People are always changing. We are constantly in motion, moving from one phase of our lives to the next. My life has changed dramatically in the past few years. I can honestly say, without a doubt, having kids has been the best phase of my life. However, I can't help but feel like I have lost something along the way.
I no longer feel feminine, girly, or pretty. I don't know how to phrase this exactly, but I no longer feel like I am attractive (to anyone - even my husband). And the most disturbing part is that I don't really even care. I never wear makeup anymore. I rarely buy new clothes. And I am a little pudgier than I need to be.
Although I have been fairly at peace with my lackluster appearance, something has been bothering me lately - my hair. When I look in the mirror, I see my mother's unruly and disheveled mane. It is everything - the color, the cut, the texture. And it disturbs me on so many levels.

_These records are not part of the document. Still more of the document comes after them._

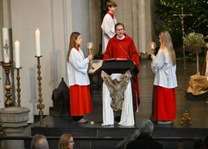 Pastor Christian Laubhold und Pfarrer Guido Bartels als Konzelebrant feierten den liturgischen Teil dieser Messe, die die fantastische Akustik des Kirchengebäudes an der Goethestraße voll zur Geltung brachte. Kirchenmusiker Andreas Feilen musste zwischendurch vom Dirigat vor dem Altar immer wieder zur Empore hinauf sprinten, wo er die Messe an der großen Seiffert-Orgel mit ganzem Einsatz begleitete.
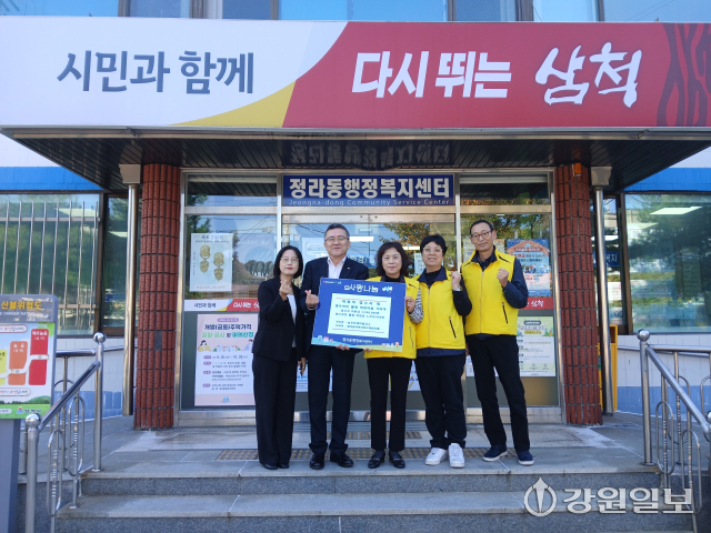 삼척 늘푸른새마을금고(이사장:우기식)는 28일 정라동 지역사회보장협의체에 독거가정 집수리(250만원) 및 정라동 어르신 장수사진 촬영(100만원)을 지원했다.
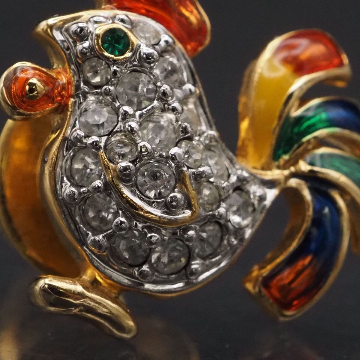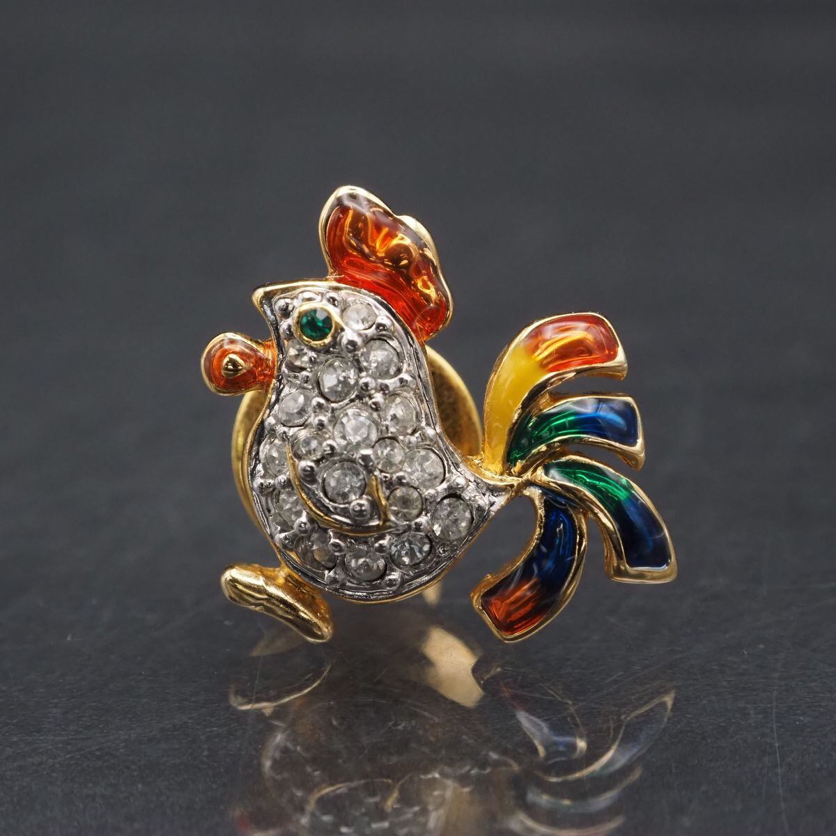 F357 ピンブローチ ニワトリ ラインストーン パヴェ マルチカラー エナメル ゴールド デザイン ラペルピン コスチュームジュエリー
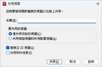 命名共用視圖。該名稱最多可包括 255 個字元,並可包括字母、數字、空格以及任何未被作業系統或此程式用於其他用途的特殊字元。
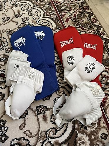 - Накладки на голень и стопу: пара красных Everlast и пара синих Venum. Эластичные, с амортизирующим наполнителем, для тренировок и спаррингов.
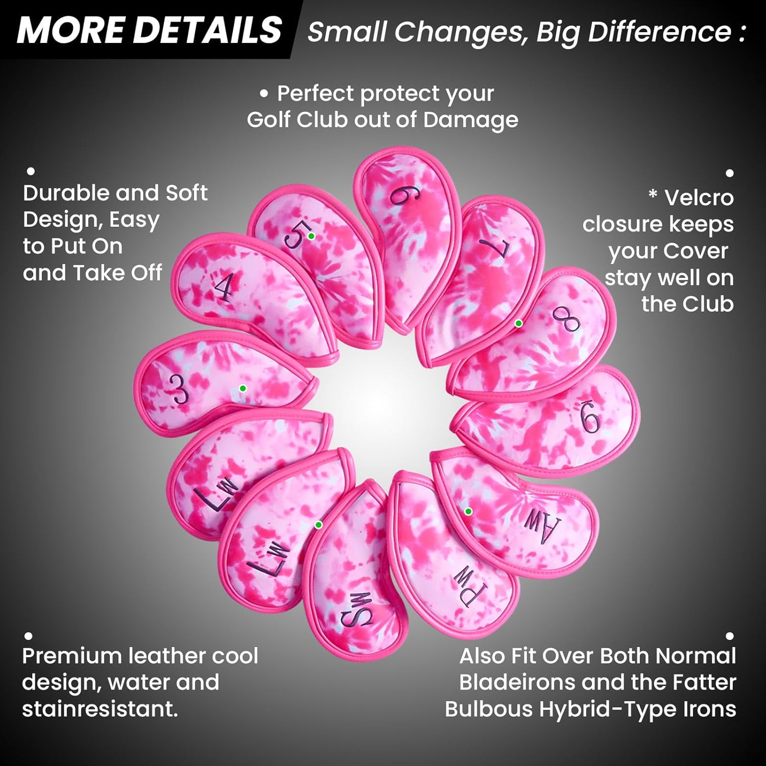 - Universal Fit, Easy On & Off: Slip these universal iron head covers on and off with ease. They fit most standard irons and wedges securely, staying in place as you play. Imagine moving smoothly from shot to shot—your rhythm never breaks, your clubs always stay protected.
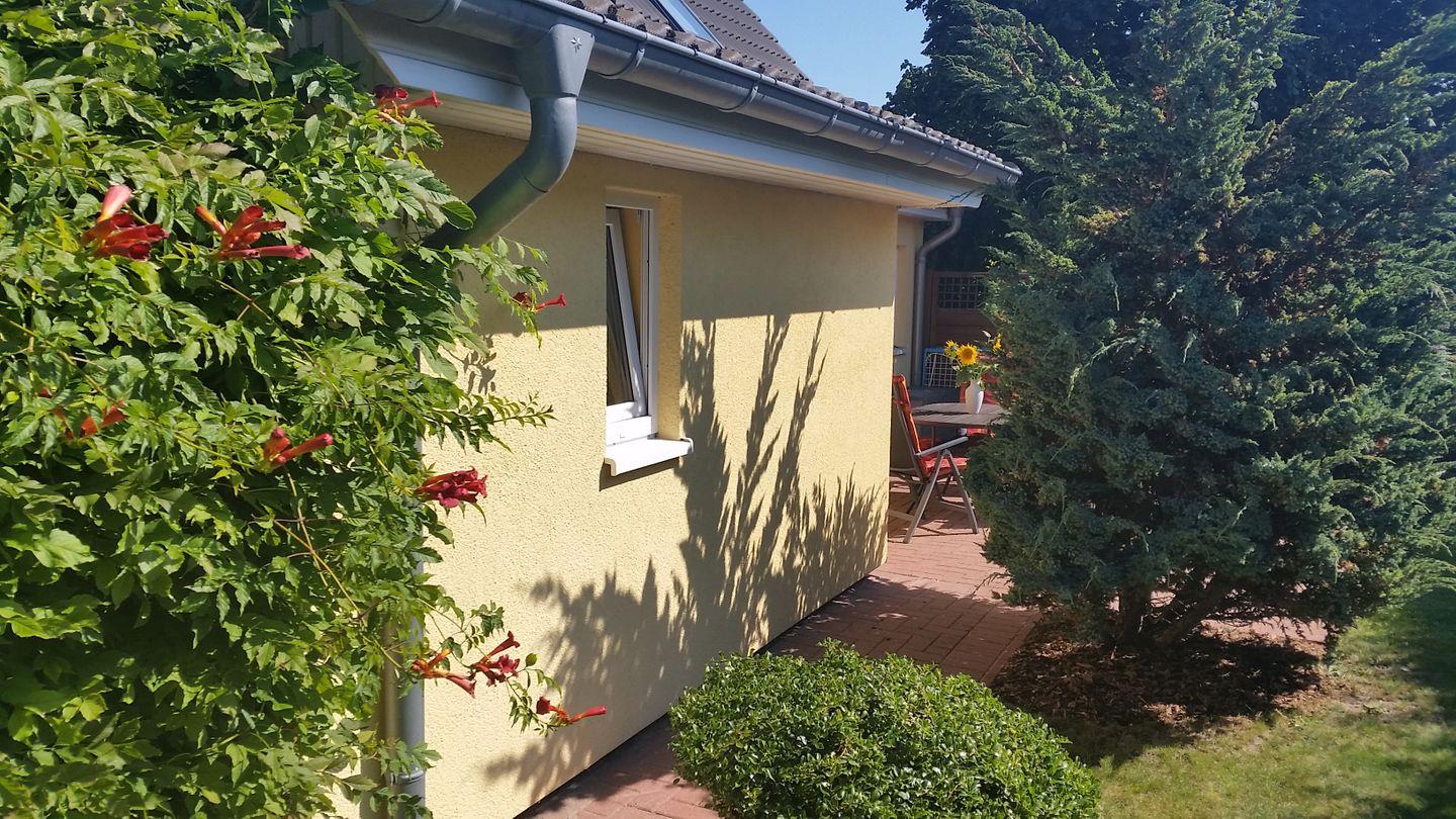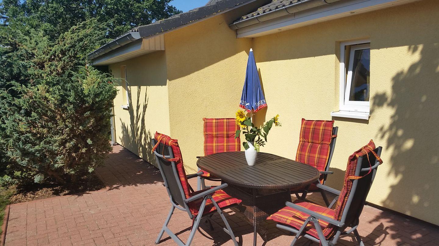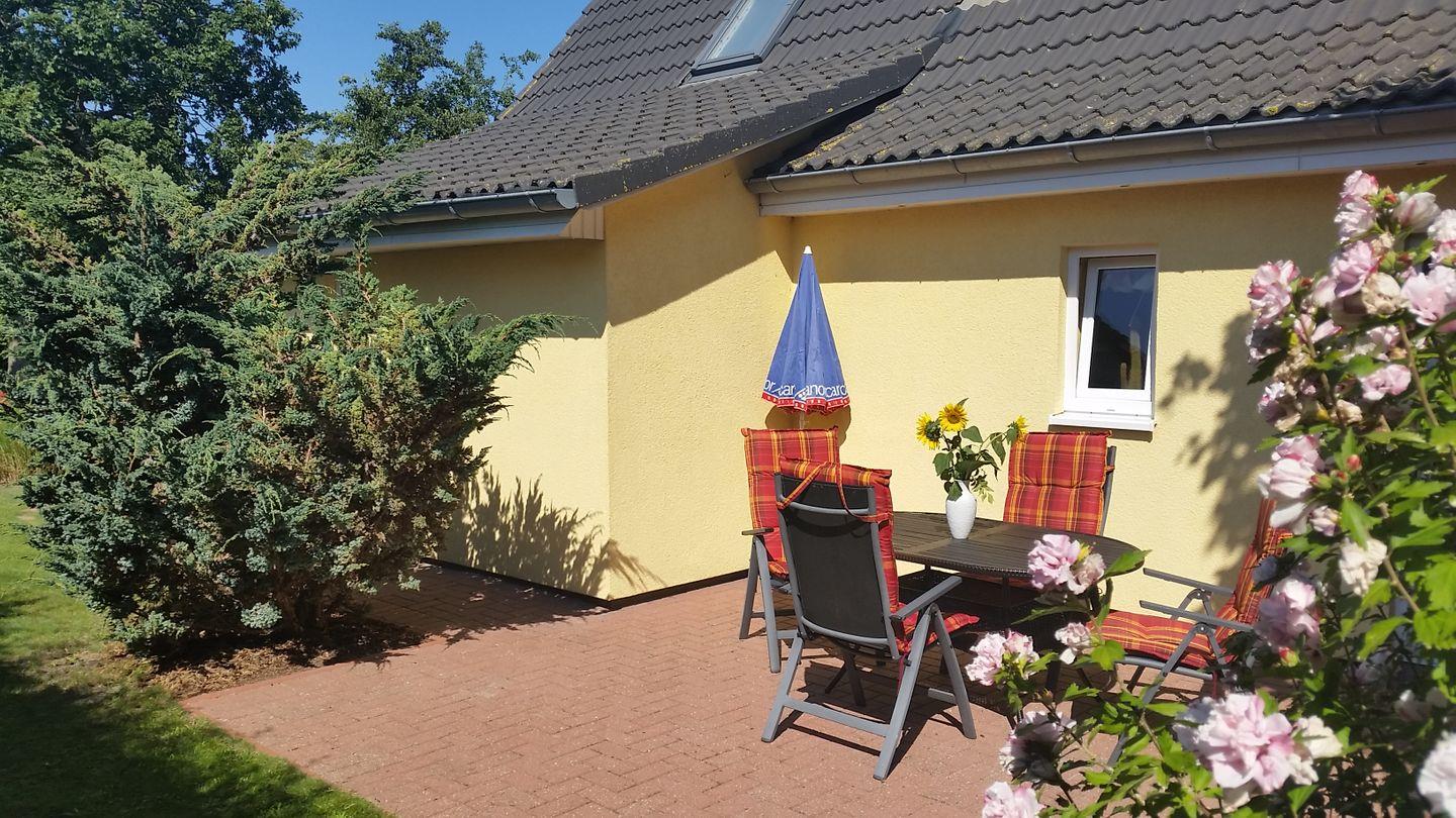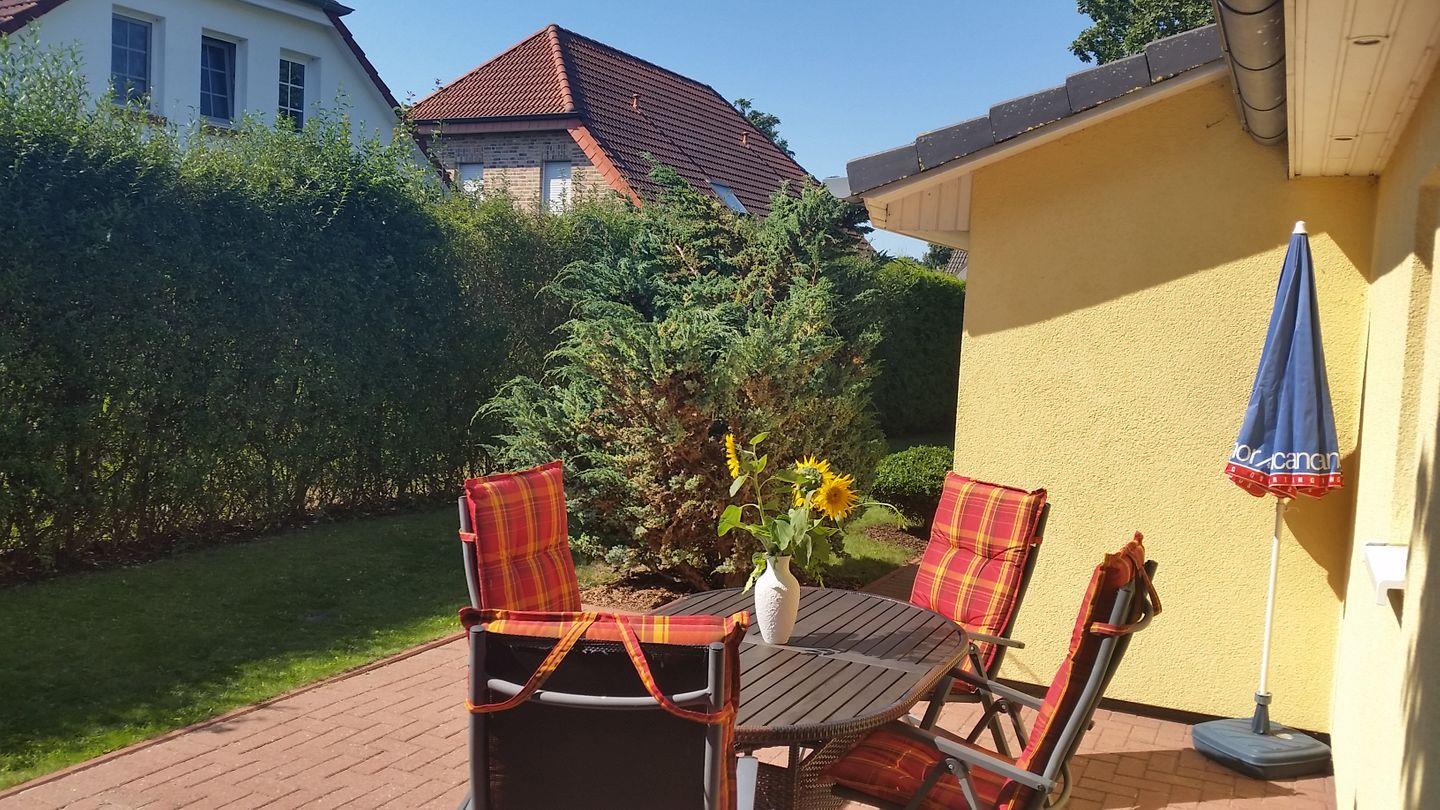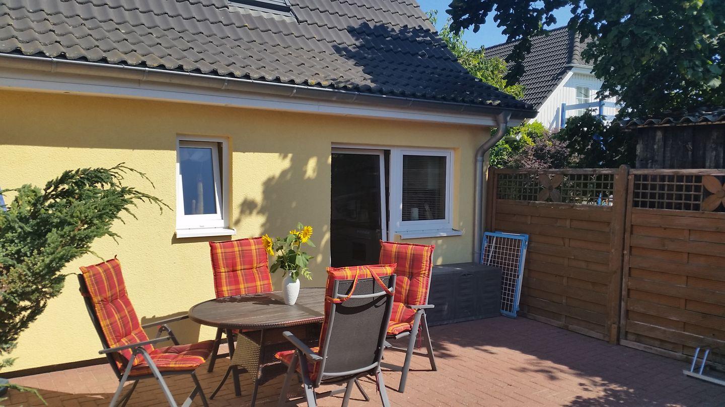 Ferienhaus Sonnenblume Sonne 1 in Zingst bietet gemütliche Entspannung mit Terrasse und Garten, nur 900 m vom Strand entfernt.

This realization has awoken something inside of me. Why have I let myself go? If I don't like what I see in the mirror, then I need to change it. First up is my hair - I need to have it cut and dyed (For the past several months, I have been skipping the dye to save money). Next, I am going to work on shedding a few pounds. Although I personally don't really have a problem with my weight right now, I know that I could stand to shed a few pounds. And it is almost summer, so bathing suit season is just around the corner. Finally, I am going to start wearing a little makeup everyday. Hopefully it will make me feel a little more put together and maybe, just maybe, a little more feminine and girly and pretty. And I think that is exactly what I need right now.